Fluent in several languages and with an energy which defied description, Antonova had a canny ability to move with the times, segueing effortlessly from scholarly publications to appearances on popular documentaries and television shows. Her eye for a photo opportunity put the selfie-loving generation some 75 years her junior to shame, whether it be posing in companionable conversation with Marc Chagall in 1973 or alongside Mikhail Gorbachev in one of her final public appearances in October 2020. Topping it all was her decision, at the age of 85, to clamber aboard a motorcycle behind Jeremy Irons to promote an exhibition of American art. Their photoshoot complete, he took her for a spin.

Irina Antonova with Marc Chagall in 1973.

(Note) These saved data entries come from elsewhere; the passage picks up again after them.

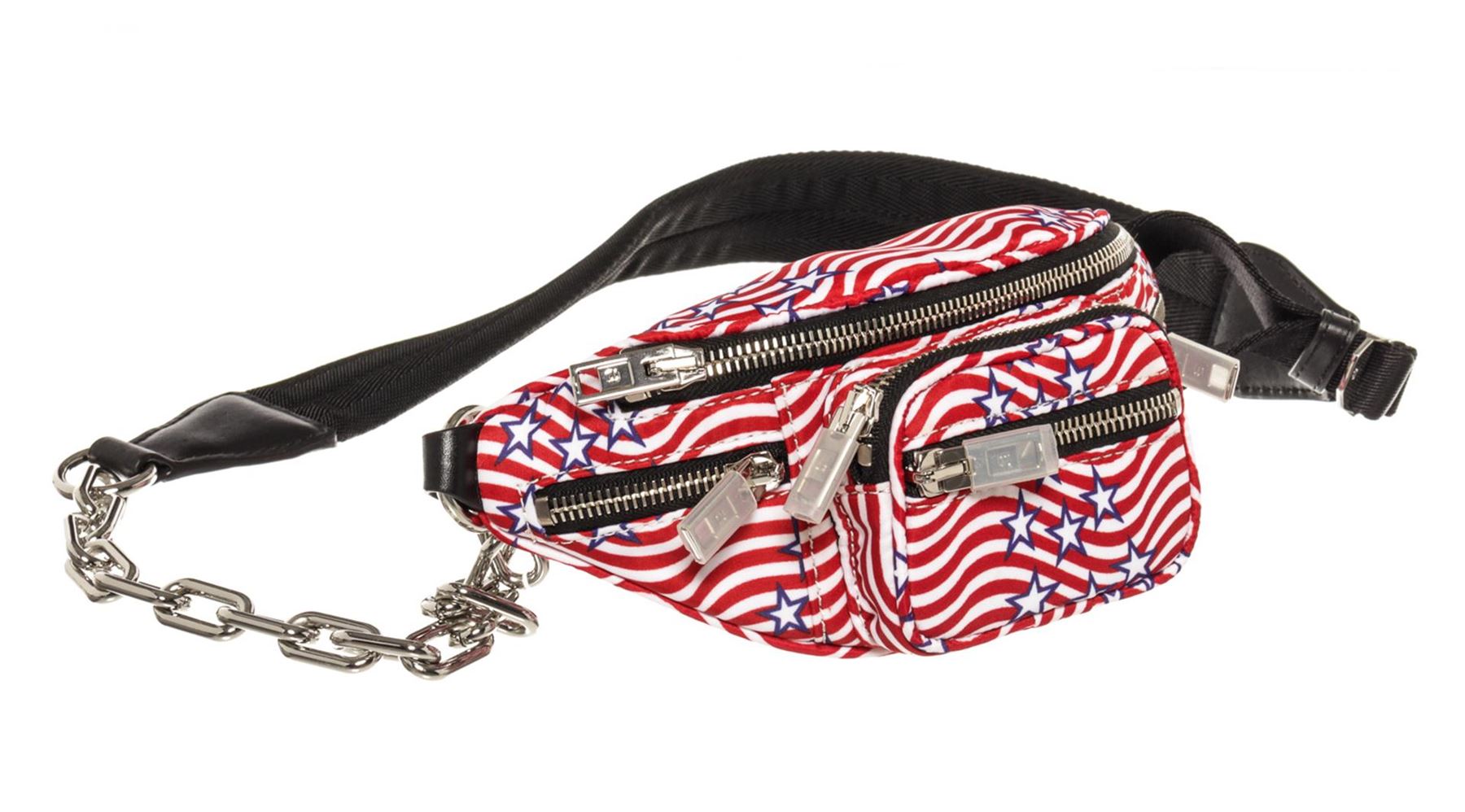 One Alexander Wang Red Monogram Nylon Attica Waist Bag. Item is sold AS-IS. All available information is listed in the description and shown in the photo. Red printed monogram nylon Alexander Wang Attica waist bag with silver-tone hardware, black leather trim, adjustable waist strap, three exterior pockets, black nylon lining and zip closure at top. Height: 3.5" Width: 9" Depth: 1.75" Strap Length: 45"
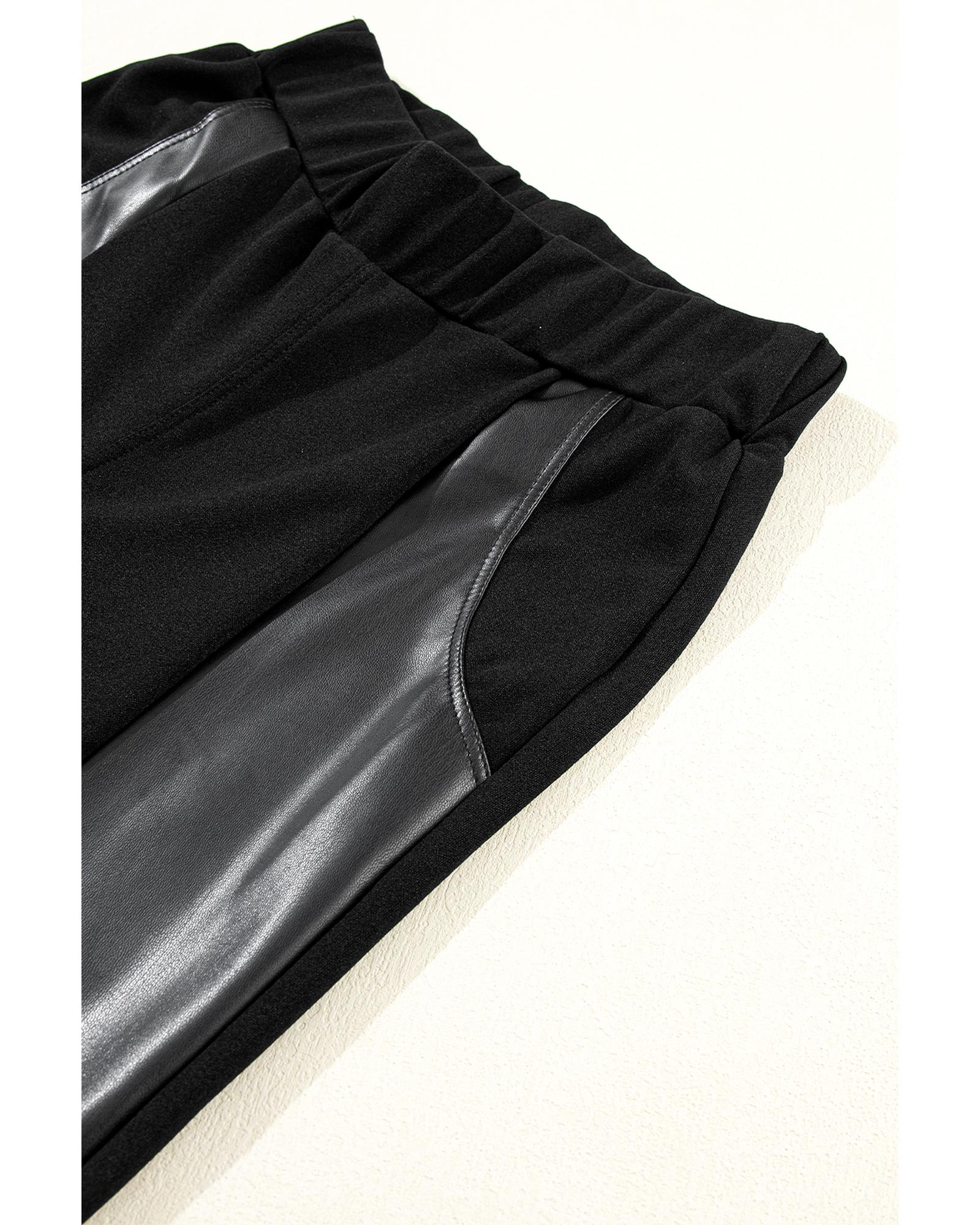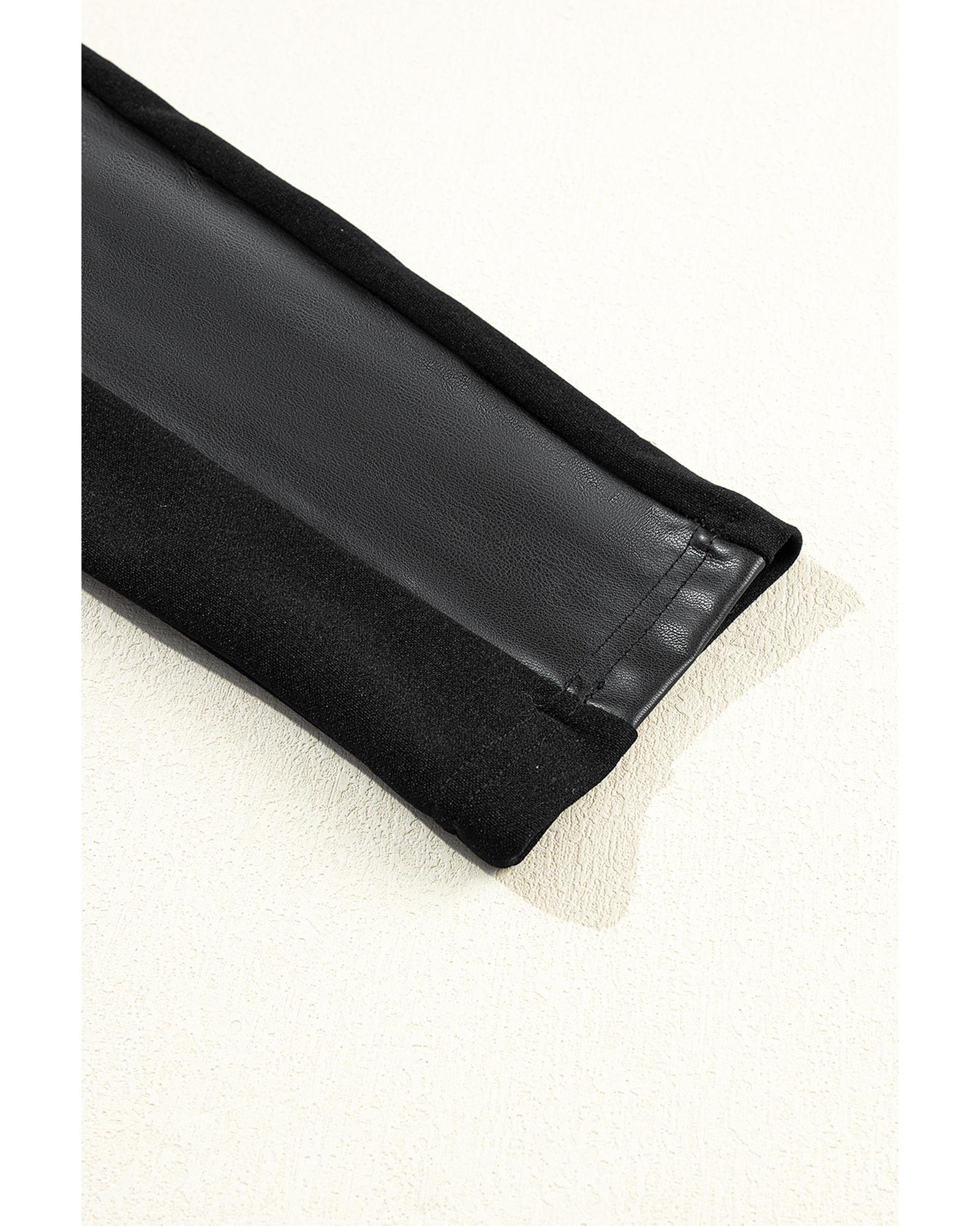 Black Leather Panel Patchwork High Waist Leggings - XL
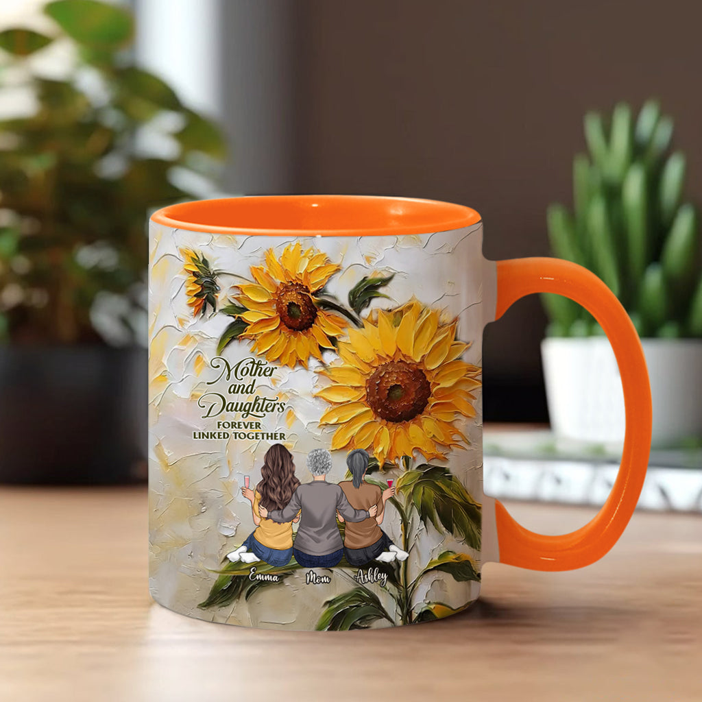 Mother And Daughters Forever Linked Together - Personalized Mother Accent Mug
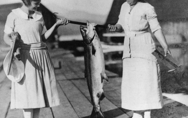 Salmon caught by Agnes (on left) and Miss Hope of Chatham Point. Photo taken at Rock Bay, B.C. Agnes and her husband Henry were early settlers at Granite Bay, Quadra Island.
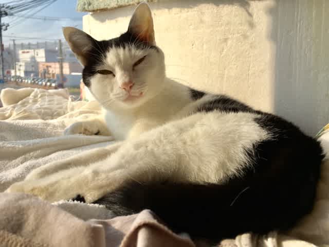 ますこはんエエ顔やね~。「ぬくいなぁ、おかーちゃん」って言ってる?(笑)
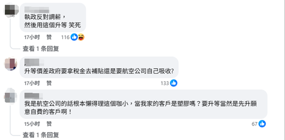 網友評論 此外,網友們還關注升等價差是否由當局補貼,質疑若要“強制升等”、由航空公司自己承擔成本,那分明是“我請客你出錢的概念,慷他人之慨”。 還有網友表示,其他國家和地區軍人因公出差才能獲得乘機升等,而且是由單位報銷,不能強迫航空公司出錢,畢竟“(商務艙和經濟艙)票價差很多倍,航空公司自行吸收會慘賠吧!”
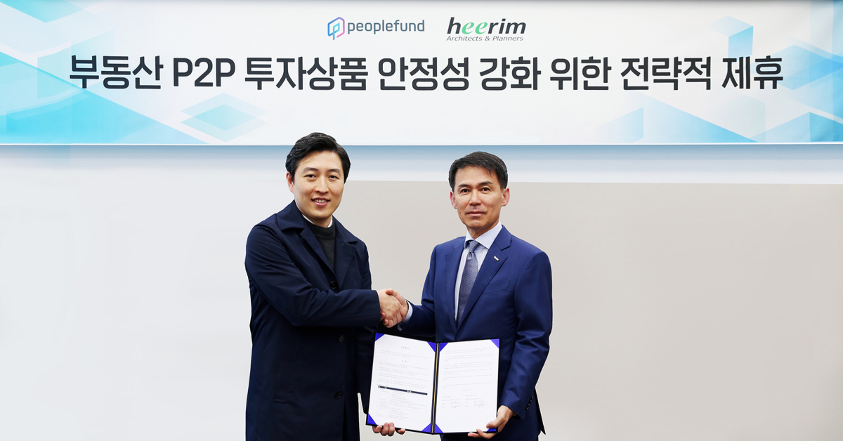 테크기반 대체투자 금융플랫폼 피플펀드가 글로벌 건축설계 및 CMㆍ감리업체 희림과 부동산 P2P투자상품 관리감독 역량 극대화를 위한 전략적 제휴를 체결했다고 18일 밝혔다.
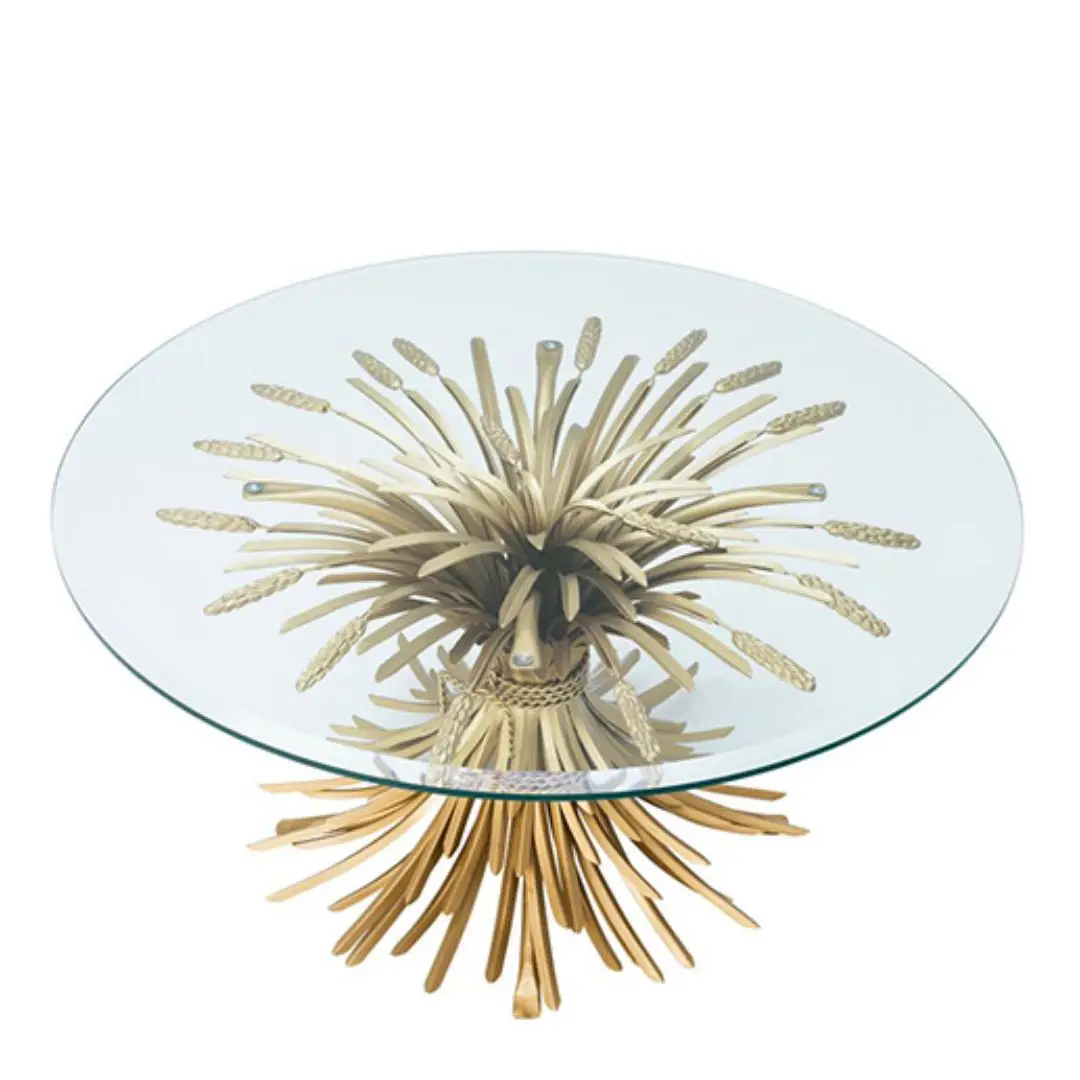 Modern dark wood coffee table with metal frameElegant coffee table with metallic decorative vases
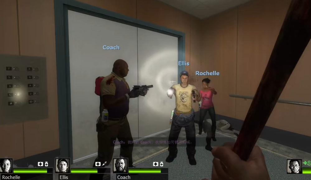 电梯启动后会触发剧情对话,随后电梯因故障停下,需要手动按互动键开门。门外是一片火海,地面上通常会刷新一把长枪,如霰弹枪或突击步枪,建议立刻拾取以增强火力。火场中的火焰会对玩家造成持续伤害,因此必须仔细观察地面,沿着没有火焰的路径前进;部分看似着火的区域其实是身上着火的感染者,其火焰效果不会对玩家造成额外伤害,可以直接通过或绕过。离开电梯后建议队伍第一时间向右侧移动,该方向通常有较安全的通道。此区域的感染者会无限刷新,因此切忌恋战,目标应是快速穿越火场。穿过主要火场后会到达一个开阔的大厅,需要清理完该区域的所有感染者才能触发安全门的开启。建议队伍占据中央位置形成交叉火力网进行防守,成功清理后,朝向正对面标有EXIT的安全门冲刺并进入,即可完成第一关的第一阶段。
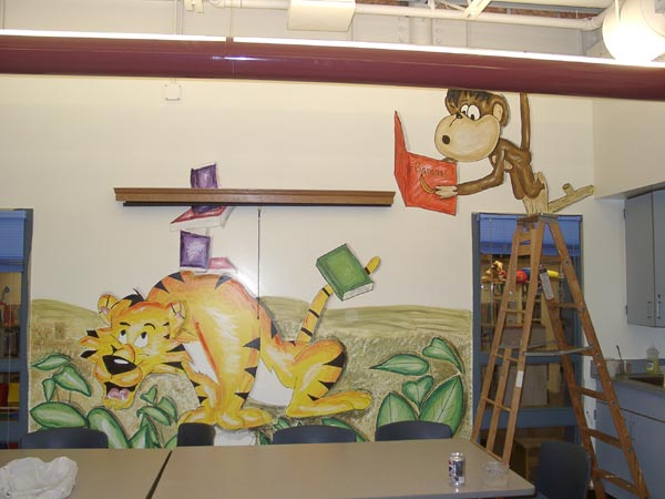 Mural picture 1 donated to the Twin River's Library - Tiger and Monkey Reading
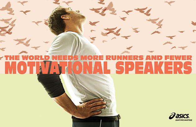 Under the umbrella tagline “Sound Mind, Sound Body,” the Asics running shoe brand has long been positioned as a launch pad for positive energy. In other words, running makes you feel better. These brand print ads were designed to captivate and inspire runners of all skill levels with thoughtful, uplifting headlines and a bold, graphic look.

Irina Antonova with Marc Chagall in 1973. Courtesy the Pushkin State Museum of Fine Arts, Moscow

Antonova stepped down as director of the Pushkin Museum in 2013, allegedly prompted by Putin’s displeasure at her proposal to reunite Sergei Shchukin and Ivan Morozov’s pre-revolutionary collections of Impressionist and Post-Impressionist art in their own museum. She remained as president, ebulliently ignoring any suggestion that this was a largely honorific and ceremonial role. Instead, Madame Antonova, as she had been known for decades, continued to campaign for her favoured projects, among them the Pushkin’s relentless colonisation of neighbouring buildings. With a unique sense of theatre and showmanship, she could inspire awe in visiting museum directors even as her centenary approached, leaving them waiting just long enough before a meeting to feel a frisson of anticipation before this impeccably dressed lady with her trademark coiffure sailed through the door. Bedecked with prizes and honours, she maintained an exhausting schedule of international travel and speaking engagements which only the purdah imposed by the pandemic brought to an end. Her burial in the Novodevichy Cemetery in Moscow, the final resting place of such luminaries as Gogol and Chekhov as well as Khrushchev, attests to her esteemed position in Russia’s cultural heart.